WordPress Tools for Photo Galleries
- Start with a responsive and retina ready WordPress theme meant to handle large quantities of photographs. ePix, Oshine, Kameron, and Divi are among the most commonly recommended photography themes.
- If you’re using image galleries to showcase products, take a look at the WooCommerce-compatible themes here. Many of them come with portfolio and gallery options, image zooming, hover effects, and more.
- Use Instagram to create and display your image gallery with the Instagram Feed plugin.
- Optimize your website for speed so that hefty quantities of photos don’t weigh it down. Try the WP Super Cache plugin.
- Compress and optimize your images to help them shed some extra weight. Try the Smush plugin.
- Edit and manage your photos’ names and metadata for better search optimization (and copyright protection). Try the WP Meta SEO plugin.
- Disable hotlinking of your photos (and protect your website better in the process). Try the All In One WP Security & Firewall plugin.
- For larger photo galleries and less real estate to work with, use a responsive slider or carousel gallery. Try the Huge-IT Slider plugin.

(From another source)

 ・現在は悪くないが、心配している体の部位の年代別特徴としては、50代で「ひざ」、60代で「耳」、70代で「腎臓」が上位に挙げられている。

- Use a plugin that will allow you to create any style of gallery you want and to change your mind later. Try the Gallery plugin for fully responsive and versatile layouts (e.g. mosaic, thumbnails, masonry, slider, and more).
The WordPress Photo Gallery: What’s the Point?
The point is this: WordPress websites are capable of doing a lot more than just publishing a blog post or providing background information on your company and services. With the support of WordPress themes and plugins, you can add impressive photo galleries on your website without much effort at all.